Analyzing Hotel Reviews: Sentiment Analysis and Topic Modeling for Summarization
College:
The Dorothy and George Hennings College of Science, Mathematics, and Technology
Major:
Computer Science
Faculty Research Advisor(s):
Daehan Kwak
Abstract:
Hotel reviews play a crucial role in shaping perceptions, informing decision-making, and influencing the overall guest experience. In many cases, it is impossible to go over all the reviews to make an informed decision. By summarizing these reviews, we can identify patterns which can help hotels understand their strengths, as well as finding solutions for areas in which consumers saw faults. Using sentiment analysis, it reads an Excel file with review data, performs sentiment analysis using the Vader sentiment analyzer, checks for the presence of specific target words in the reviews, and saves the results in a new Excel file for further analysis. Using nltk’s wordnet lemmatizer, it lemmatized and performed word counting on text data, stored in a data frame. It's useful for analyzing the frequency of different lemmatized words in a text dataset.
The results display vader scores of neutral, positive, and negative from target words that were extracted from the dataset. As well as calculating the word frequencies in a specific data frame column and then creating and displaying a word cloud visualization based on those frequencies using Python libraries like Pandas, WordCloud, and Matplotlib. The word cloud visually represents the most common words in the text data. Alongside each written review, included is a chart displaying neutral, positive, and negative scores. Additionally, a rating column is provided to classify the reviews as bad, good, or neutral based on their respective scores.

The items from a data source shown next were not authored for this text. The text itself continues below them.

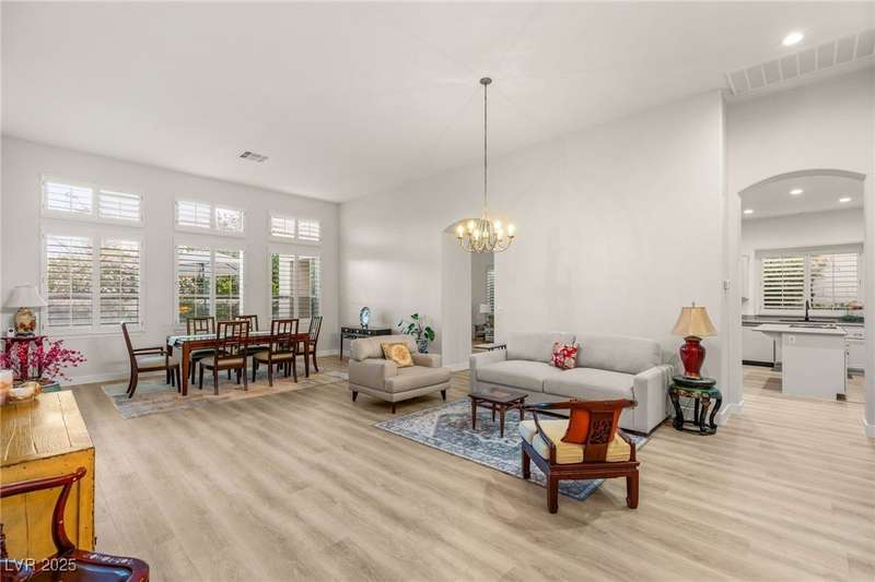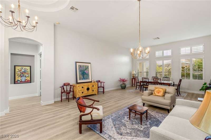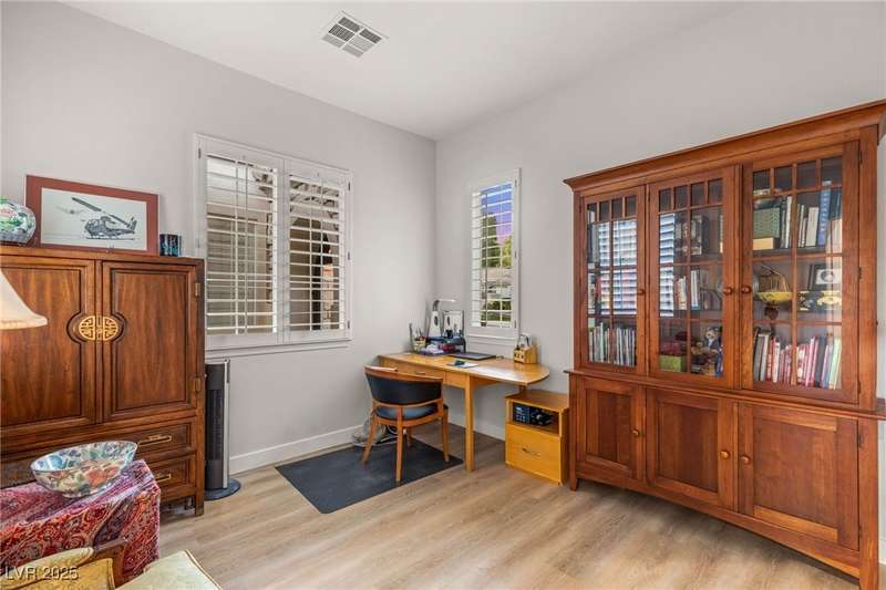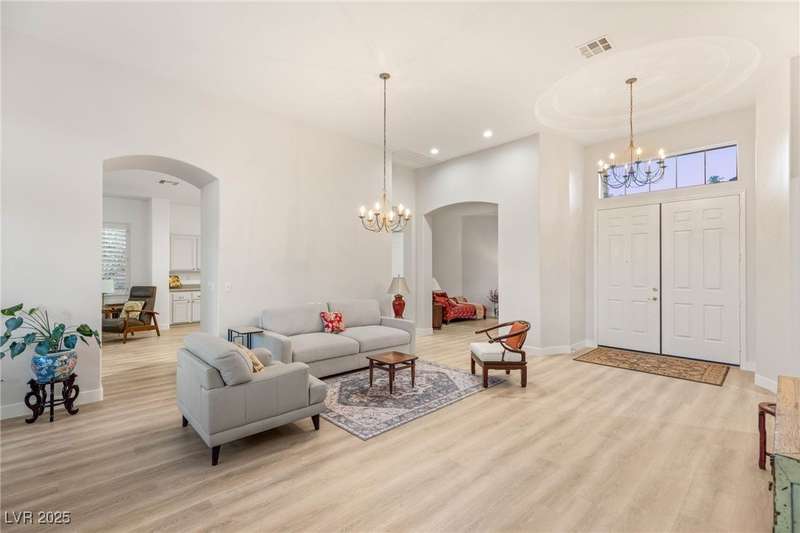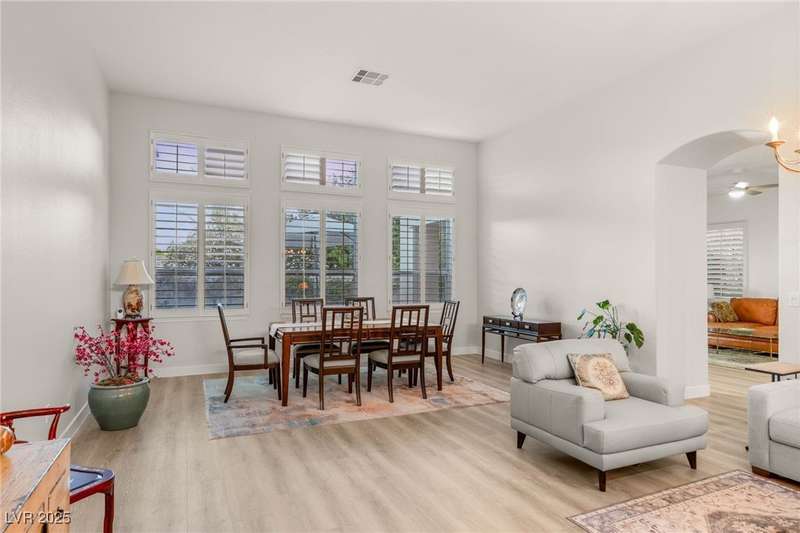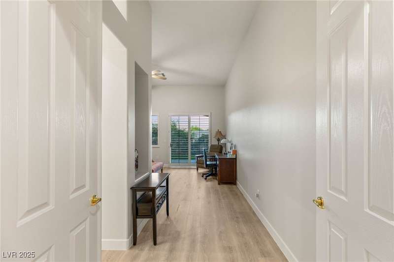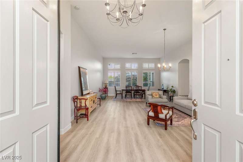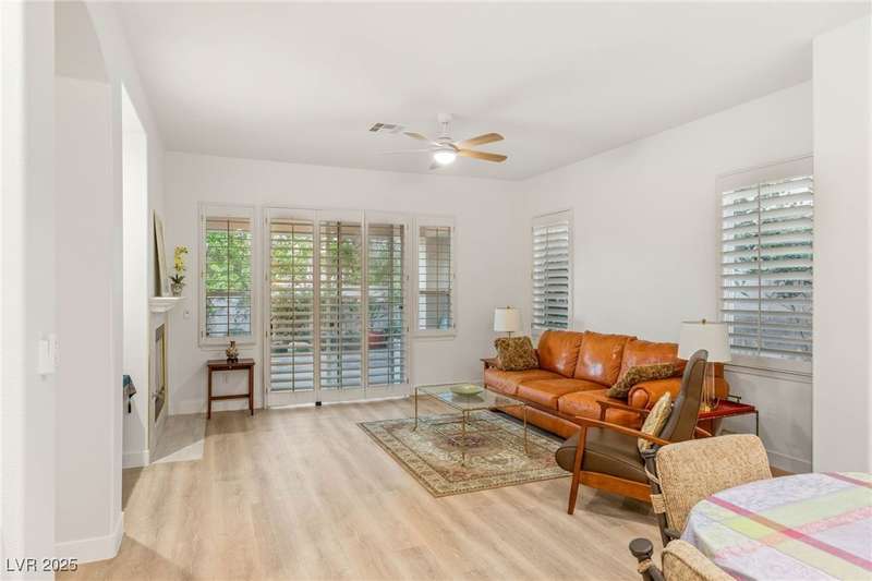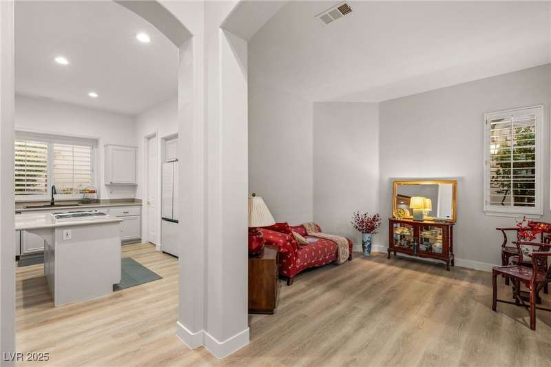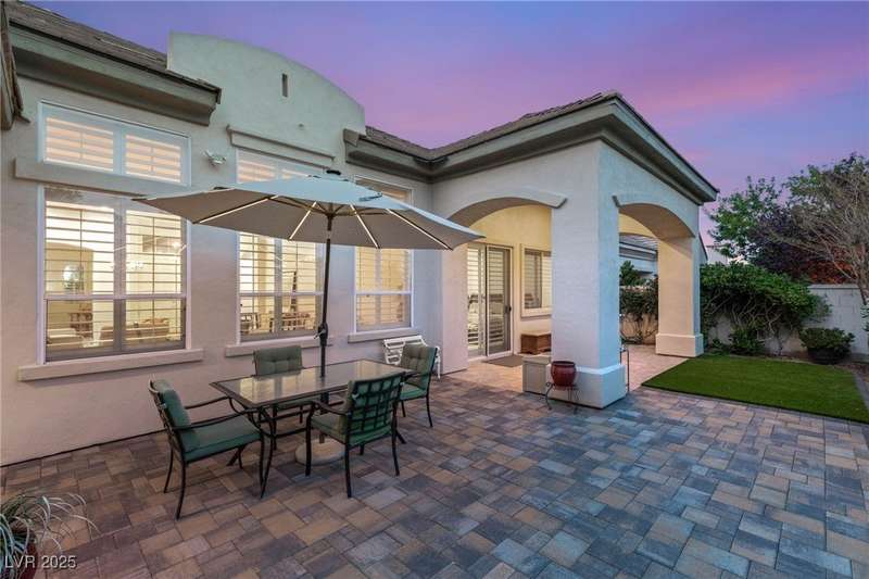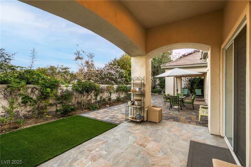 Remarkable, immaculate single-story home located in the prestigious guard gated community of Queensridge! Step through the fully enclosed private courtyard and into a home that perfectly combines elegance with modern upgrades. Recently painted inside and out, this bright open floor plan boasts brand new flooring, soaring ceilings, and windows with custom plantation shutters. The kitchen flows seamlessly into the living and dining spaces, while a spacious den/office adds flexibility for work or leisure. The primary suite is a luxurious retreat, highlighted by a newly remodeled spa-style bathroom with a freestanding soaking tub and oversized shower. Outdoors, enjoy your private oasis with double covered patios, upgraded landscaping, and pavers and patio flooring designed for year-round living. With fully remodeled bathrooms, refined finishes, and unmatched curb appeal, this home offers both comfort and sophistication—an opportunity to own in one of Las Vegas’s most coveted neighborhoods.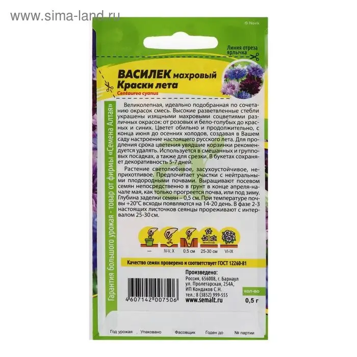 Великолепная, идеально подобранная по сочетанию окрасок смесь. Высокие разветвленные стебли украшены изящными махровыми соцветиями различных окрасок: от розовых и бело-голубых до красных и синих. Цветет обильно и продолжительно, с конца июня до осенних холодов, создавая в Вашем саду настроение настоящего русского лета. Для продления срока цветения увядшие корзинки рекомендуется удалять. Используется в смешанных и групповых посадках, а также для срезки. В букетах сохраняет декоративность 5-7 дней. Растение светолюбивое, засухоустойчивое, неприхотливое. Предпочитает участки с нейтральными плодородными почвами.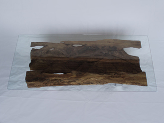 チーク系古材、ステンレス(鏡面仕上げ)、フロートガラスt=10.0 |

This research represents a substantial contribution to the expansive field of sentiment analysis and topic modeling. It engages in a comprehensive exploration of the practical applications of these advanced techniques, with a specific focus on their deployment within the intricate landscape of hotel reviews. By examining and dissecting the intricacies of sentiment analysis and topic modeling within this specific domain, this study not only enhances our understanding but also provides a blueprint for their successful implementation in a broader spectrum of industries and domains. It explores the application of these techniques specifically in the context of hotel reviews, which can serve as a blueprint for similar analysis in other industries. The knowledge acquired through this research extends beyond the hospitality industry, empowering businesses across diverse sectors to leverage customer reviews for informed decision-making based on data.